Record extracts:
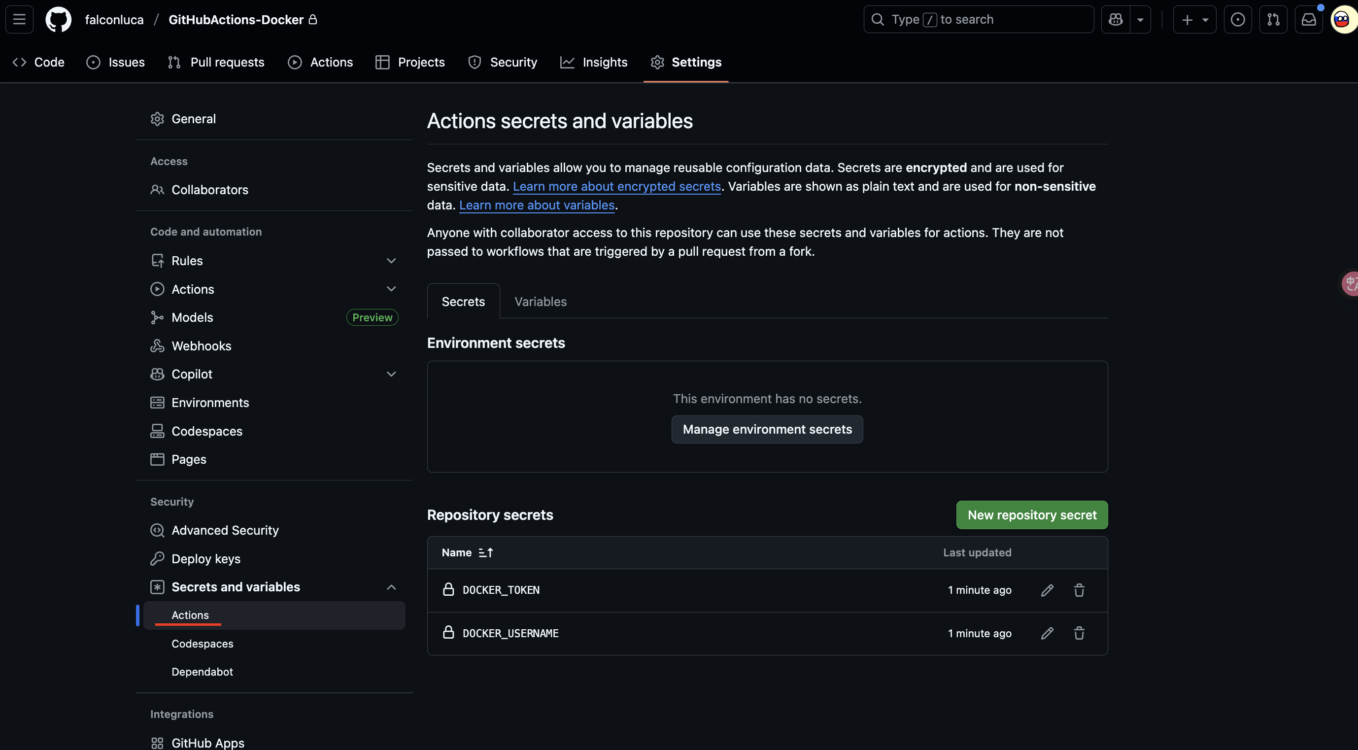 tags: ${{ secrets.DOCKER_USERNAME }}/githubactions-docker:latest在推送代码之前,我们需要先把 DockerHub 配置加到 GitHub Actions 的 Secrets 里:
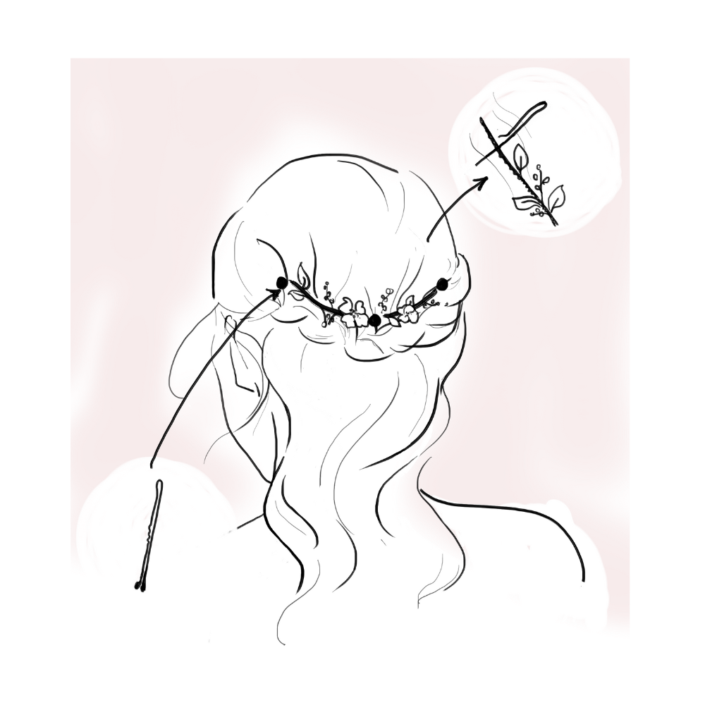 - Dopo aver individuato e posizionato il tralcio tra i capelli, puoi fissarlo con le forcine alle estremità e, per i tralci più lunghi, in un terzo punto centrale.
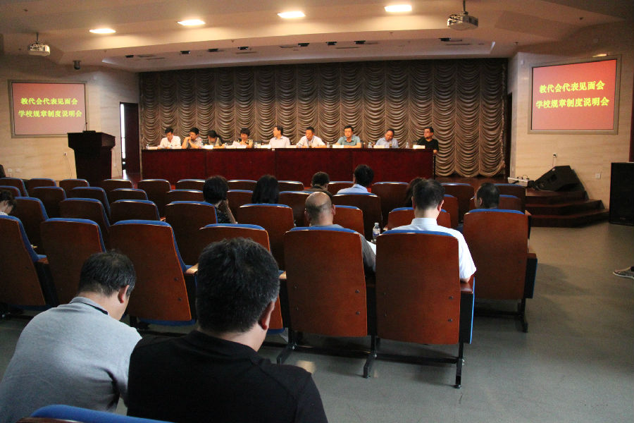 按照学校“两学一做”学习教育实施方案的安排,为了进一步促进学校规章制度的有效落实,增强教职工“讲规矩、有纪律”的意识,在教代会代表见面会后,举办了学校规章制度说明会。纪检监察与审计处处长李睿卿介绍了各部门内部审计、落实监督责任、信访举报等方面的制度,财务与资产管理部副部长胡立端介绍了学校举办各种类型工作会议的经费管理、差旅费报销、政府采购、合同管理等方面的制度,人事处处长郭宏扬介绍了有关人事管理方面的制度。
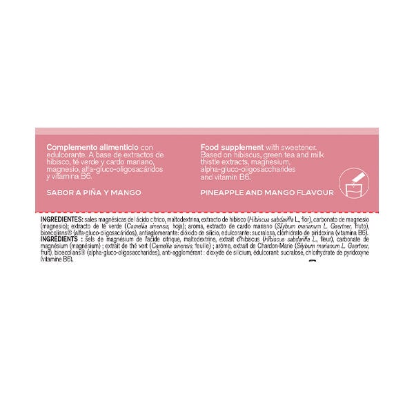 Sales magnésicas del ácido cítrico, maltodextrina, extracto de hibisco (Hibiscus sabdariffa L., flor), carbonato de magnesio (magnesio); extracto de té verde (Camellia sinensis, hoja); aroma, extracto de cardo mariano (Silybum marianum L. Gaertner, fruto), bioecolians® (alfa-gluco-oligosacáridos), antiaglomerante: dióxido de silicio, edulcorante: sucralosa, clorhidrato de piridoxina (vitamina B6).
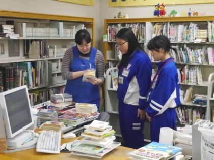 11月12日(水)、8年生は職場体験2日目でした。東淀川図書館【写真左・中】では、司書の方から本の修理の方法を教えていただき、蔵書の修理を行いました。11時からは、乳幼児とその保護者を対象とした絵本の読み聞かせ「赤ちゃんと楽しむ おたのしみ会 ぴよぴよ」があり、生徒も読み手として参加させていただきました。
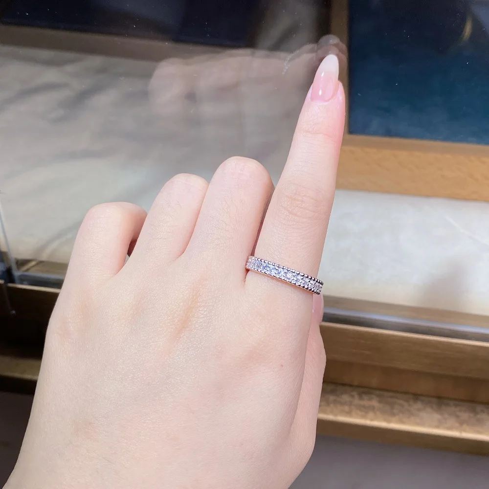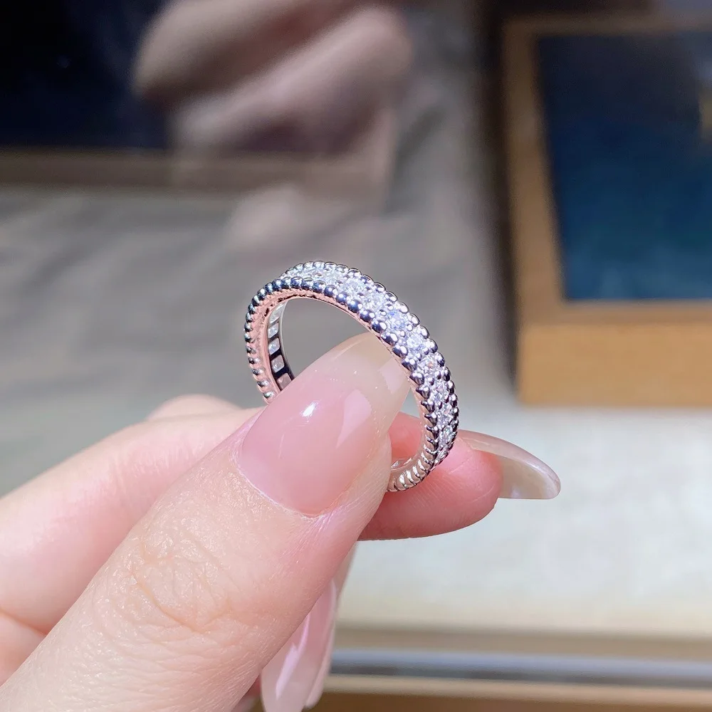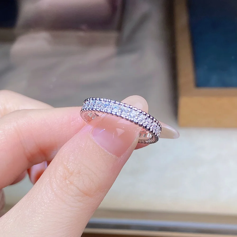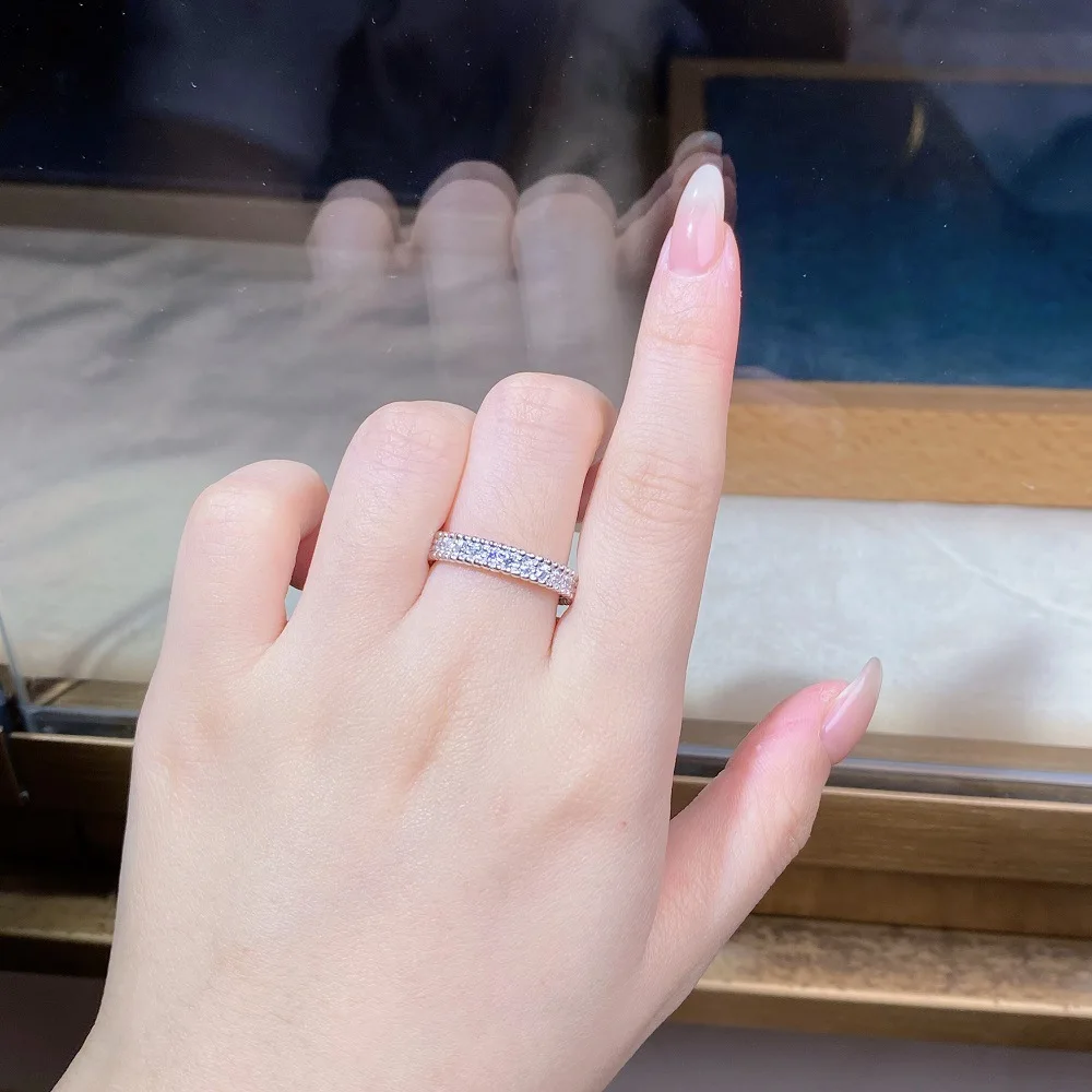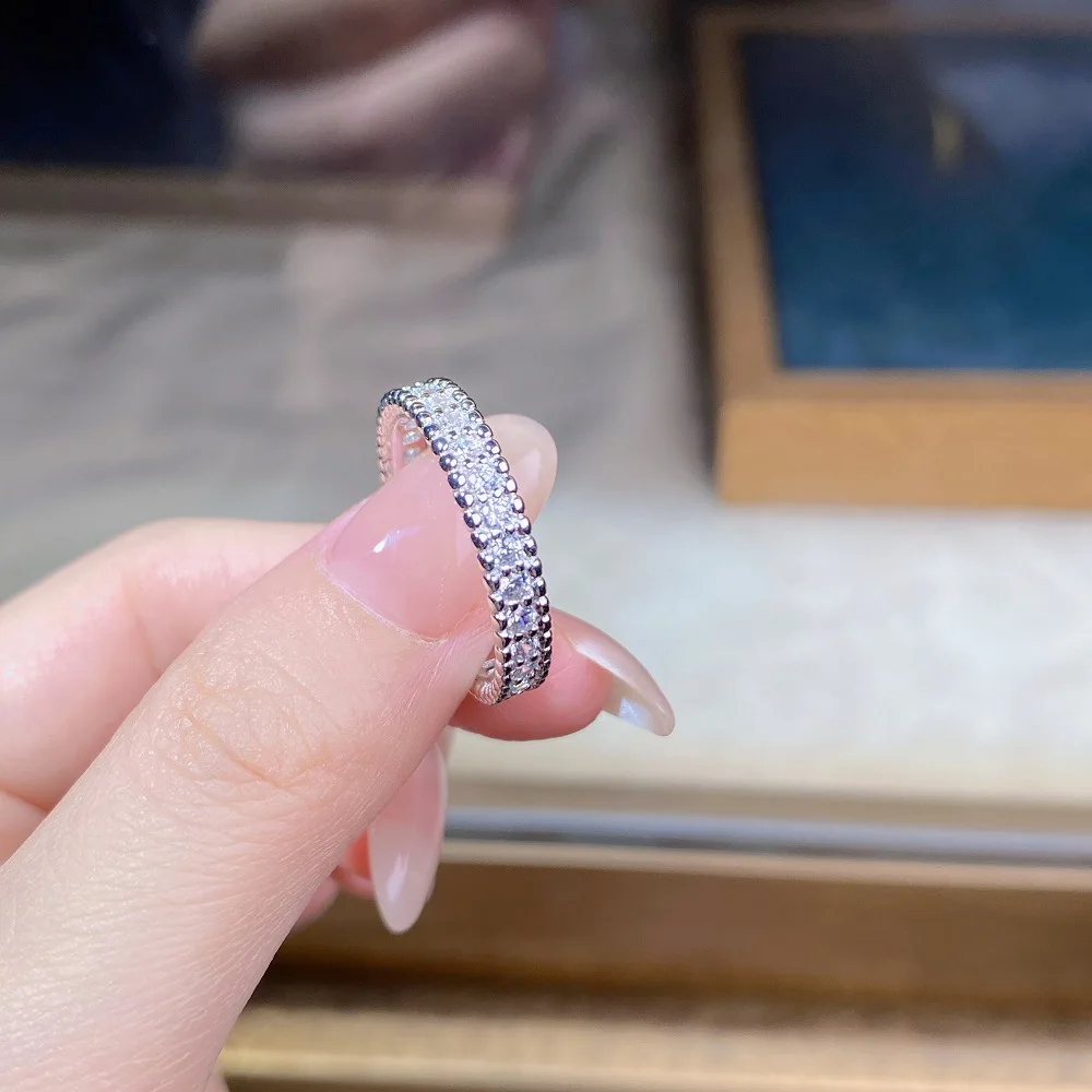 Fashionable 18K Real Platinum PT950 bead ring for women full diamond moissanite ring ins style high-end jewelry

Try it: Copy the listing exactly, omitting pictures.

The completed task:
 tags: ${{ secrets.DOCKER_USERNAME }}/githubactions-docker:latest在推送代码之前,我们需要先把 DockerHub 配置加到 GitHub Actions 的 Secrets 里:
 - Dopo aver individuato e posizionato il tralcio tra i capelli, puoi fissarlo con le forcine alle estremità e, per i tralci più lunghi, in un terzo punto centrale.
 按照学校“两学一做”学习教育实施方案的安排,为了进一步促进学校规章制度的有效落实,增强教职工“讲规矩、有纪律”的意识,在教代会代表见面会后,举办了学校规章制度说明会。纪检监察与审计处处长李睿卿介绍了各部门内部审计、落实监督责任、信访举报等方面的制度,财务与资产管理部副部长胡立端介绍了学校举办各种类型工作会议的经费管理、差旅费报销、政府采购、合同管理等方面的制度,人事处处长郭宏扬介绍了有关人事管理方面的制度。
 Sales magnésicas del ácido cítrico, maltodextrina, extracto de hibisco (Hibiscus sabdariffa L., flor), carbonato de magnesio (magnesio); extracto de té verde (Camellia sinensis, hoja); aroma, extracto de cardo mariano (Silybum marianum L. Gaertner, fruto), bioecolians® (alfa-gluco-oligosacáridos), antiaglomerante: dióxido de silicio, edulcorante: sucralosa, clorhidrato de piridoxina (vitamina B6).
 11月12日(水)、8年生は職場体験2日目でした。東淀川図書館【写真左・中】では、司書の方から本の修理の方法を教えていただき、蔵書の修理を行いました。11時からは、乳幼児とその保護者を対象とした絵本の読み聞かせ「赤ちゃんと楽しむ おたのしみ会 ぴよぴよ」があり、生徒も読み手として参加させていただきました。
 Fashionable 18K Real Platinum PT950 bead ring for women full diamond moissanite ring ins style high-end jewelry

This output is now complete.